Felicia Pieper, a graduate research assistant in the UI College of Public Health, said she favors the holistic model that is “close to where we need to be going.”

“The thing about policing is it’s a structural problem, and so I don’t think these reformist or add-on policies are going to do anything to actually get at the root causes of the problem that we’re facing,” Pieper said. “And so, the holistic approach gets to that by completely restructuring what safety looks like.”

Pieper said the holistic approach could provide more opportunities for crime prevention by funneling funding into improving health and well-being on campus.

“We know the police don’t prevent crime. Police come after crime has happened — that’s the nature of policing,” Pieper said. “Social determinants of health, like good housing, fair working conditions, safe neighborhoods, along with strong communities, actually are what prevents crime, and that’s what we see in this model.”

While Bullock said UIPD supports what the university decides, he said he prefers a plan that keeps the campus police department involved in campus safety without cutting funding or staff.

“When we talk about cutting staff, especially internally here, at the university Department of Public Safety, there’s faces behind these numbers,” he said. “There’s families behind these numbers and the people that would be impacted.”

He added that, first and foremost, the UIPD wants to serve the community and it would be disheartening to not have officers and public safety employees included in the process to make change and get on “the right side of history.”

Pieper said it was frustrating that UIPD did not mention its involvement in Iowa City protests that occurred on June 3, after the OIR Group, a California-based firm specializing in police oversight, released a report about it in late January. The lack of transparency within the committee is concerning to those who are wanting to see real change, Pieper added.

“It’s really frustrating that this is now the only point where the university is reaching out to the university community for input at the very end of the process,” she said. “They chose a hierarchical, bureaucratic response to that by creating an academic committee that was appointed … It’s not just something to be sour about, but I think that’ll have direct impacts on how our community trusts this process.”

Caleb Klipowicz, a Ph.D. candidate in the UI Department of Anthropology, wrote in an email to The Daily Iowan that he had never thought much about policing until last summer and he started educating himself and learning from the Iowa Freedom Riders’ speeches at marches.

He wrote that, as a Resident Assistant during undergraduate, he never had an experience where police presence in the dorms unannounced made him feel safer.

“For me, a safe campus is one where every student is cared for,” he wrote. “The ‘holistic model’ was the only one I felt could make a real difference.
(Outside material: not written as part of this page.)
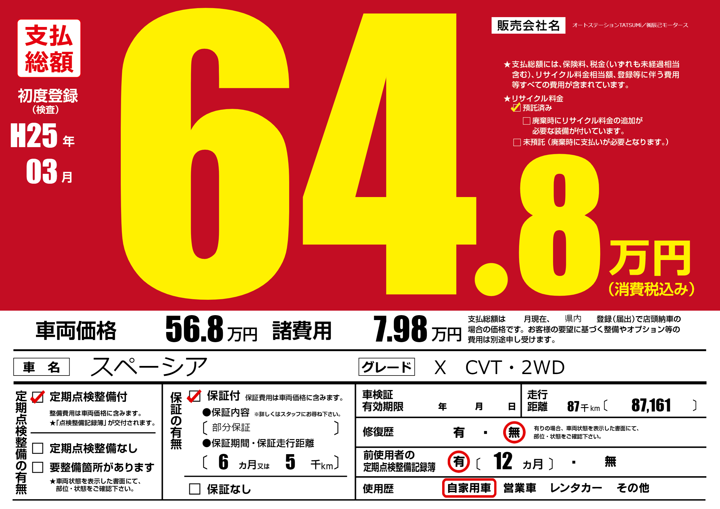 | 走行キロ | 8.7万km | 初年度登録 | H25年03月 |

The other two options either increased the budget for police (the opposite of what I believe we need) or created a worthless committee to give the appearance of ‘reform’.”
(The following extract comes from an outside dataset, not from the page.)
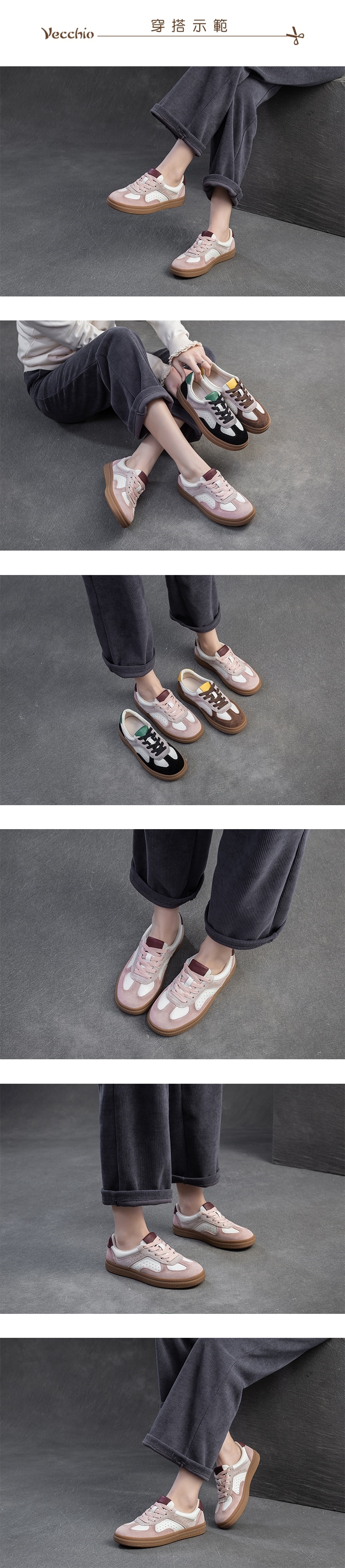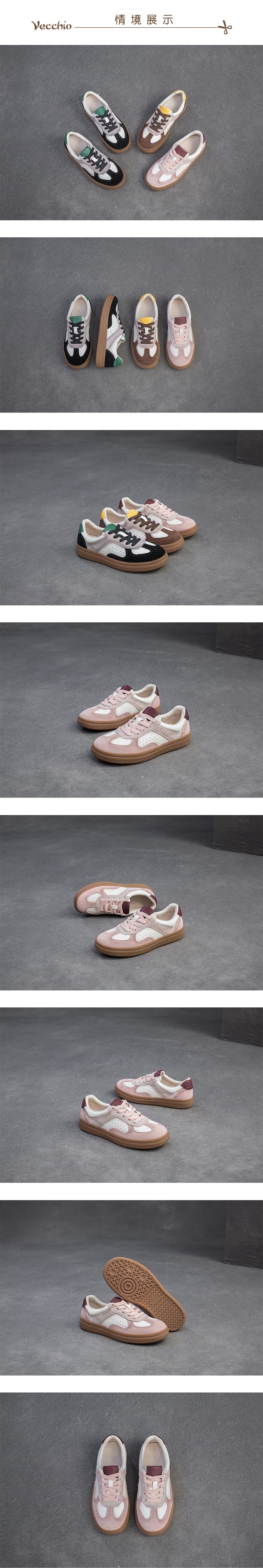 【VECCHIO】真皮彩色絨面平底休閒鞋/真皮彩色絨面拼接復古平底休閒鞋 女鞋 粉

UI fifth-year Jacob Heid said that he felt the UIPD’s inappropriate response to protests last summer was not something they could just make up for with more trainings and oversight.

“They’ll issue statements on saying what they stand with the black community. They’ll issue statements saying they stand with people of color with LGBTQ individuals, but then there’s no action to substantiate those claims,” Heid said. “There’s been no desire to right the wrongs. Until there are actual attempts to apologize to reconcile to, you know, recognize that maybe police aren’t always going to be an appropriate option for whatever issues that may arise.”

He added that the committee’s decision to give Harreld the final say in selecting an approach does not make sense to a lot of students who attended the meetings.

“I would just hate for everyone to think that the holistic model is the best option, but then for it to be just sort of discarded … because Bruce [Harreld] and his cabinet don’t want to put in the work and don’t want to allocate the resources,” he said. “So, I think there was really a big concern about that as well, which I guess we will see what happens, but I hope that good decisions are made.”